----- Available data

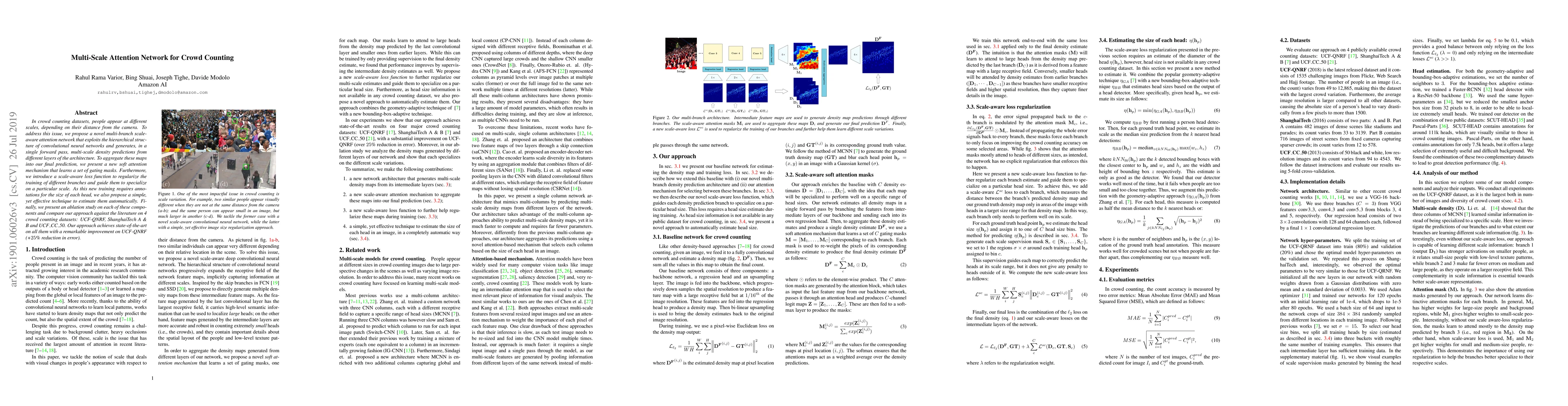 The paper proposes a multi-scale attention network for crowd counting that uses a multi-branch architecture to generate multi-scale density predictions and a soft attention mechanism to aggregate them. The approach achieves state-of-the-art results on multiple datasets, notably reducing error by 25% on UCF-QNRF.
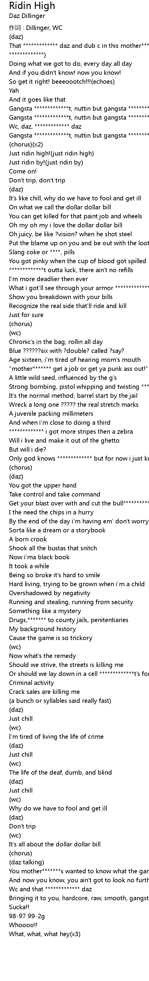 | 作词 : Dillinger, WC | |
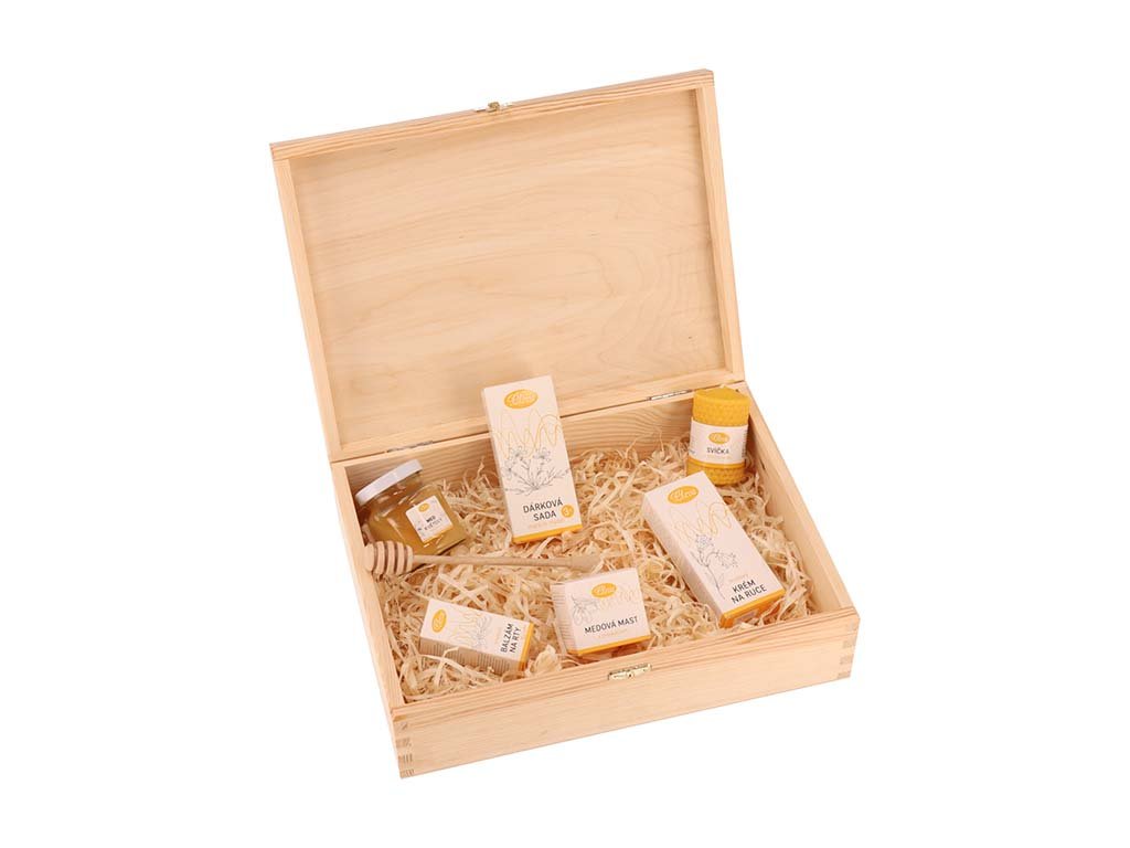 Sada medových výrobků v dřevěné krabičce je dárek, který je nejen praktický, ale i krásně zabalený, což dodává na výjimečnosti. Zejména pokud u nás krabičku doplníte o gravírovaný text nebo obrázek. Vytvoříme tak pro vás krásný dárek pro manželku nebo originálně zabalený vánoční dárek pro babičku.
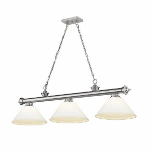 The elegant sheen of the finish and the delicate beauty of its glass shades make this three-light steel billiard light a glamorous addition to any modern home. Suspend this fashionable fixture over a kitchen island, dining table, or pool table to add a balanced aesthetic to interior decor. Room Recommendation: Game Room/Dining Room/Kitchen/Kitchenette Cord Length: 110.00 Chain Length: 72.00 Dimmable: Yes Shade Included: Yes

----------

- [Assignment] Every line of the material above should be repeated exactly, except for the pictures.

- [Written answer]
 The paper proposes a multi-scale attention network for crowd counting that uses a multi-branch architecture to generate multi-scale density predictions and a soft attention mechanism to aggregate them. The approach achieves state-of-the-art results on multiple datasets, notably reducing error by 25% on UCF-QNRF.
 | 作词 : Dillinger, WC | |
 Sada medových výrobků v dřevěné krabičce je dárek, který je nejen praktický, ale i krásně zabalený, což dodává na výjimečnosti. Zejména pokud u nás krabičku doplníte o gravírovaný text nebo obrázek. Vytvoříme tak pro vás krásný dárek pro manželku nebo originálně zabalený vánoční dárek pro babičku.
 The elegant sheen of the finish and the delicate beauty of its glass shades make this three-light steel billiard light a glamorous addition to any modern home. Suspend this fashionable fixture over a kitchen island, dining table, or pool table to add a balanced aesthetic to interior decor. Room Recommendation: Game Room/Dining Room/Kitchen/Kitchenette Cord Length: 110.00 Chain Length: 72.00 Dimmable: Yes Shade Included: Yes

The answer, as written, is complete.